Gostaria de obter informações
sobre escrita espelhada em crianças em fase de alfabetização. Até que ponto
isso é considerado normal e em que momento devemos procurar ajuda mais
específica?
A escrita espelhada que se
mantém após o 2o ano primário pode ser sinal de uma dislexia ( talvez
associada a Distúrbio de Atenção) ou de um talento de uma criança bem dotada.
Após o primeiro semestre do 1o ano primário toda criança merecerá um
trabalho de diagnóstico diferencial. Dr. Raymond Rosenberg.
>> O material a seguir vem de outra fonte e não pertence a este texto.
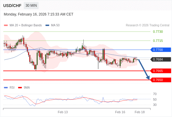 交易策略: 在 0.7700 之下,看跌,目标价位为 0.7665 ,然后为 0.7650 。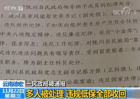 调查发现,陇川县民政局56名干部职工中,有40名领导、干部职工的82名亲属不符合享受城乡低保。而部分领导干部职工的配偶及直系亲属,违规享受低保资金已达到40.5万多元。2017年7月31日,德宏州纪委对陇川县章凤镇党委书记、县民政局原局长杨恩增立案审查。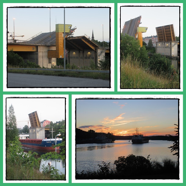 Kota Sodertalje yang mungil ini sangat sepi. Maklum hari Minggu, semua toko tutup. Orang2 kalo ga di rumah ya main ke pusat kota Stockholm kelihatanya. Apalagi cuaca cerah hari ini. Kami menyeberangi jembatan yang menghubungkan antara area pusat kota Sodertalje dengan area di mana flat Noelia berada. Tak lama setelah kami menyeberangi jembatan tersebut, jembatan terangkat di kedua sisinya karena ada kapal barang yang sangat besar yang melewatinya.

Tenho um paciente de cinco anos
de idade que há quatro deixou de comer comida. Atualmente, seu único alimento
diário são alguns copos de leite com Nescau. Descreve ter nojo de comida, faz
vômito somente em ver o irmão menos ou outras pessoas comendo... Pelas
descrições atuais da mãe, percebo que seus sintomas se ampliam, tornando-se
uma criança tensa, em constante estado de alerta, chegando a não conseguir
brincar em função de preocupar-se em adoecer, etc. Não aceita toques
corporais, passando a lavar-se imediatamente quando isso acontece. A família
vem apresentando-se sem saída, em especial a mãe, causando grandes conflitos e
sofrimentos familiares. Penso na hipótese de este menino estar desenvolvendo um
transtorno Obsessivo-compulsivo e já estou encaminhando para avaliação
psiquiátrica
O quadro que descreveu mais me
parece psicótico do que Distúrbio Obsessivo Compulsivo. Eu levaria esta
criança a um posto de saúde onde ela poderia ser vista por um Psiquiatra
infantil. A sintomatologia é por demais severa para esperar a evolução do quadro. Acredito
que um serviço Universitário se interessaria sobremaneira a um quadro tão
raro e no Rio de Janeiro temos boas Faculdades de Medicina. Dr. Raymond
Rosenberg
Tenho uma filha com 10
anos e ela tem demonstrado baixa capacidade de interação com as outras
crianças e adultos. Aos 6 anos fizemos uma bateria de testes psicológicos que
não indicaram nenhuma anormalidade. O Psiquiatra na época falou ela tinha
personalidade introvertida. Como o quadro não melhorou e ela sempre apresentou
problemas de atenção e dificuldade na escola, em fevereiro de 2001, resolvemos
consultar uma Psicóloga. Novamente vamos fazer exames psicológicos, comparando
com os de 4 anos atrás. Esta profissional esta recomendando a consulta com um
Psiquiatra, com provável utilização de Antidepressivos. Quais são os prós e contras
deste tipo de tratamento em crianças? Tenho uma filha com 10 anos e ela tem
demonstrado baixa capacidade de interação com as outras crianças e adultos.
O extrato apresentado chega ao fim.